Topic 8B: Genome Projects and Gene Technologies Flashcards
What is gene sequencing and how does it work?
- Only works on fragments - to sequence a whole genome it must be cut into smaller pieces - each piece is sequenced then put back in order to sequence the whole genome
What was the human genome project?
- Completed 2003
- Mapped the whole human genome for the first time
What are features of sequencing simple organisms?
- Helps to identify their proteins
- Prokaryotes don’t have introns - much easier
- Useful for medical research and development e.g. identifying protein antigens on pathogenic bacteria helps vaccine development
What are features of sequencing complex organisms?
- More difficult - has large sections of non coding DNA
- Have regulatory genes - determine when genes are on or off
- Hard to translate the genome to proteome - need to find the coding sections
- Work on human proteome happening - found 3000 protein codes
What were sequencing methods like in the past?
- Labour intensive
- Expensive
- Small scale
What are sequencing methods like now?
- Automated
- Cost effective
- Larger scale
How are DNA fragments made with reverse transcriptase?
- DNA produced from mRNA - used as a template
- DNA produced is cDNA
- mRNA isolated from cells, mixed with free nucleotides and reverse transcriptase to synthesise new DNA strands
- cDNA has no introns
What are advantages of using reverse transcriptase?
- mRNA is present in cells from actively transcribed genes - lots available to make cDNA
What are disadvantages of using reverse transcriptase?

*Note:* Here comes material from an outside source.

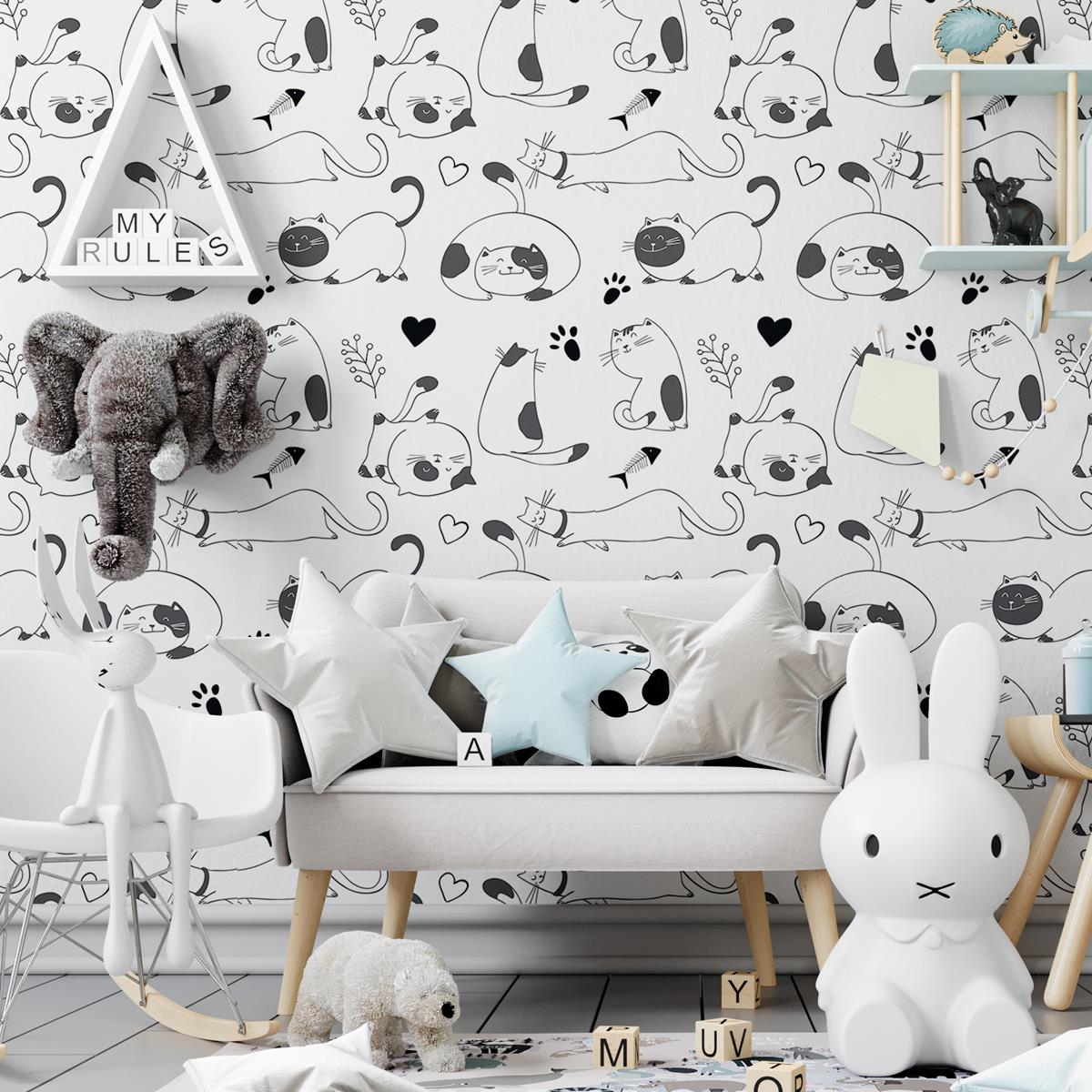 Papel de Parede Adesivo Gatinhos Preto e Branco N04045

- More steps to using it so more time consuming and technically difficult
How are DNA fragments made using restriction endonuclease?

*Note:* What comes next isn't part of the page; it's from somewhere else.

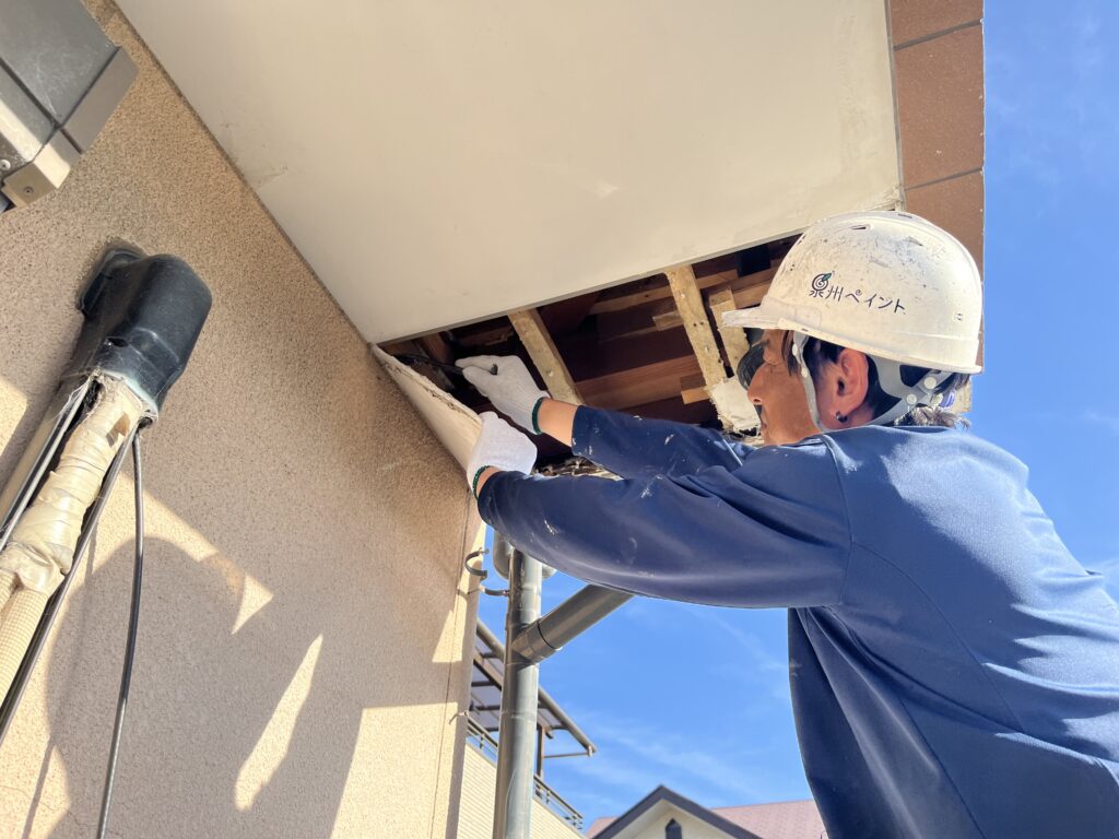 こちらの現場ではベランダ下からの雨漏れでタイルの剥がれ、軒天のめくれが出ていましたので

- Enzymes recognise specific palindromic sequences and cut there
- Different enzymes recognise different sequences as they have specific complimentary active sites
- Leaves blunt / sticky ends - Sticky -> small tails of unpaired bases used to bind to another complimentary strand
What are advantages of using restriction endonuclease?
- Sticky ends make it easier to insert the gene to make recombinant DNA
What are disadvantages of using restriction endonuclease?
- Fragments still contain introns
How are DNA fragments made using a gene machine?
- Database has info to produce the sequence so DNA does not have to exist naturally - any sequence can be made
- Sequence is designed
- 1st nucleotide is fixed to a support (e.g. a bead)
- Nucleotides added in sequence with protecting groups - ensure the nucleotides join at the correct points and prevent branching
- Short DNA sections (oligonucleotides) - roughly 20 nucleotides long are produced
- Broken off the support, protecting groups removed, oligonucleotides joined to make longer DNA fragments
What are advantages of using a gene machine?
- Can design exact DNA fragments wanted with sticky ends, labels and preferential codons
What are disadvantages of using a gene machine?
- Need to know the sequence of amino acids or bases
What is recombinant DNA?
- DNA from one organism which has foreign DNA inserted
What is a transgenic organism?
- Organism containing a foreign gene in its DNA
How is making a transgenic organism possible?
- DNA code is universal
- Transcription and translation very similar in most organisms
What does in vivo mean?
- Inside a living organism
How is a gene inserted into a vector?
- Plasmid is cut open by the same restriction endonuclease as DNA so they have complimentary sticky ends
- DNA fragment and plasmid mixed with DNA ligase which joins the sticky ends of the fragment to the vector - ligation
- This forms recombinant DNA
How is the vector inserted into a host cell?
- Plasmids mixed with bacteria in a medium containing Ca2+ making the bacteria more permeable to allow the plasmid to enter
What are bacteria with recombinant DNA called?
- Transformed
What happens to transformed bacterial cells?
- Grown on large scale - useful protein removed and purified
How are transformed host cells identified?
- Marker genes - inserted in vectors too - only transformed cells have the gene
- The marker can code for antibiotic resistance - only transformed cells are resistant so survive
- Can be fluorescent - identified by UV light
What is needed for proteins to be produced by transformed cells?
- Needs specific promotor and terminator regions
- Promotor tells RNA polymerase where to start
- Terminator region signals where to stop
What does in vitro mean?
- Outside a living organism
What is mixed in PCR?
- Mixture of DNA sample, free nucleotides, DNA polymerase
How does PCR occur (heating and cooling)?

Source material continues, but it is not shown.